The figure corresponds to an average revenue impact of about 3.6% on top-line returns, with a broader range reported as $300 to $609 million per year (1.8% to 3.6%). Researchers emphasize that even relatively small percentage losses can be difficult to absorb when farm margins are already thin and profitability may be negative in some seasons.
Lead author Sandy Dall’erba, a professor of agricultural and consumer economics at Illinois, built the assessment by first compiling state-level glyphosate usage and expenditures. He then combined published estimates of yield effects from reduced glyphosate use with projections of how farmers might switch to alternative herbicide modes of action, tracking both price increases and efficiency changes.
Study co-author Aaron Hager notes that the proposal is not abstract to producers—reduced revenue translates directly into survival risk for many operations. “I don’t know of any farmer who wants to take a revenue loss,” he said, pointing to persistent financial stress across parts of Illinois agriculture.
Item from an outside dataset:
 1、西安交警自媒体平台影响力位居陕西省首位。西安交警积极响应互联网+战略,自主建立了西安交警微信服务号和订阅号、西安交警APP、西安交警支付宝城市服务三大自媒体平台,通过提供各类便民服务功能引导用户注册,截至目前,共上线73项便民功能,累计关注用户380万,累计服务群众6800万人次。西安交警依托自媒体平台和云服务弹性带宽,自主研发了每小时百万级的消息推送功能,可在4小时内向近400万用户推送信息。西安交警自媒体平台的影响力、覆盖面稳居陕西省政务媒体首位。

The authors chose glyphosate because it is among the most widely used crop-protection tools in the region. They argue that heightened public attention and ongoing legal activity create conditions where additional policy restrictions could be introduced, making it important to quantify potential downstream effects.
While the analysis focuses on farmer-level economics, the researchers acknowledge important omissions. They do not fully capture potential human health and environmental outcomes associated with discontinuing glyphosate, nor do they incorporate all indirect costs tied to other crop-protection strategies.
Glyphosate’s role in conservation tillage is also central to the story. As a “burn-down” herbicide used to clear standing vegetation before planting, glyphosate supports no-till systems at a scale that other tools struggle to match.
Without glyphosate, the study suggests farmers would likely shift toward more conventional tillage, which can increase fuel use, greenhouse gas emissions, and input expenses—cost categories not fully estimated in the model.
Overall, the study concludes that the financial consequences of a ban could be “significant” even when the policy change appears straightforward on paper, reinforcing the need for broader assessment beyond direct revenue effects.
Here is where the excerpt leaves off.